Od: Qrczak <q...@q...pl>
Pokaż wszystkie nagłówki
Dnia 2016-01-31 10:23, obywatel krys uprzejmie donosi:
> Qrczak wrote:
>> Dnia 2016-01-30 14:54, obywatel krys uprzejmie donosi:
>>> FEniks wrote:
>>>> W dniu 30.01.2016 o 13:38, krys pisze:
>>>>> FEniks wrote:
>>>>>
>>>> To skąd w takim razie jakiś znowu pomysł Unii Wyszehradzkiej? Z jednych
>>>> ramion pchać się w drugie? Neurotyczne poszukiwanie idealnego partnera,
>>>> zamiast nauczyć się żyć mądrze z jednym, choćby niedoskonałym?
>>>
>>> Mogliśmy pozostać w związku sowieckim.
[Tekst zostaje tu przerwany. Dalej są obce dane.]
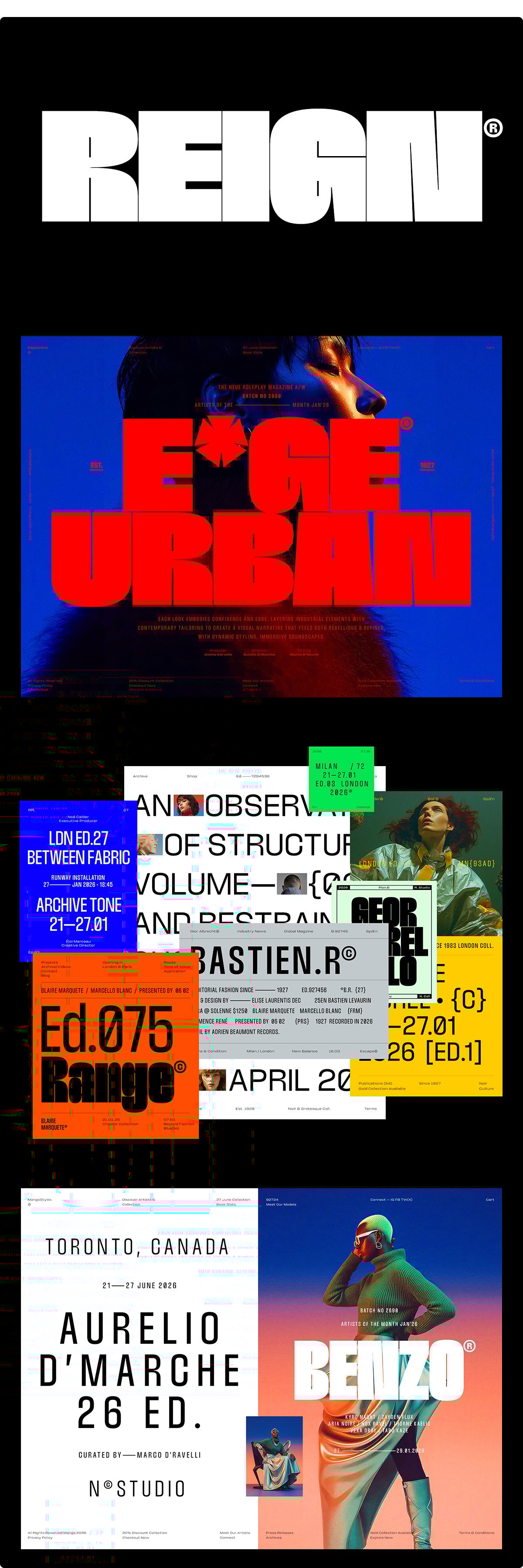 Introducing — Reign is a bold display typeface designed to command attention. Featuring 45 styles across five widths, from Ultra Condensed to Normal, and nine weights, from Thin to Black, Reign offers a highly flexible system for impactful headlines and expressive layouts.

Mieliśmy głupi pomysł, ze nam się
>>> nie podoba. Potem wpadlismy na pomysł współpracy z zachodem. Ale znów sie
>>> okazało, że współpraca ma polegać na tym, że oni nam powiedza, co i jak i
>>> kiedy mamy robić, a my ewentualnie możemy u nich zapierniczać. Jak
>>> zasłużymy. A miała być współpraca.
>>>
>>> Unia Wyszehradzka ma byc zwiazkiem partnerskim ( jak już przy związkach
>>> jesteśmy) a nie jak do tej pory , gdzie Pan nam mówił, gdzie nasze
>>> miejsce przy zlewie.
>>
>> Założenie, że coś ma być, niestety nie daje pewności, że tak to będzie.
>
> Nigdy nie masz pewności.
>
>> Otoczenie średnio sprzyja, składniki za mocne nie są, nieustannie wiszą
>> na cycku zachodniej krasuli.
>
> Z tą krasulą to bym nie przesadzała. Jakby tak solidnie przyłożyć się do
> liczenia...
Na przestrzeni wieków średnio nam przyjaźń i z tymi sąsiadami wychodziła.
Ale w sumie wszystko się sprowadza do Twojego "nigdy nie masz pewności".
Q
--
Niektórzy zarzucają mi bycie szowinistą, a ja zawsze w takiej sytuacji
powtarzam, że to nieprawda, bo szowiniści to tacy goście, którzy
uważają, że kobieta powinna siedzieć w kuchni.
Ja natomiast uważam, że w kuchni też może coś popsuć.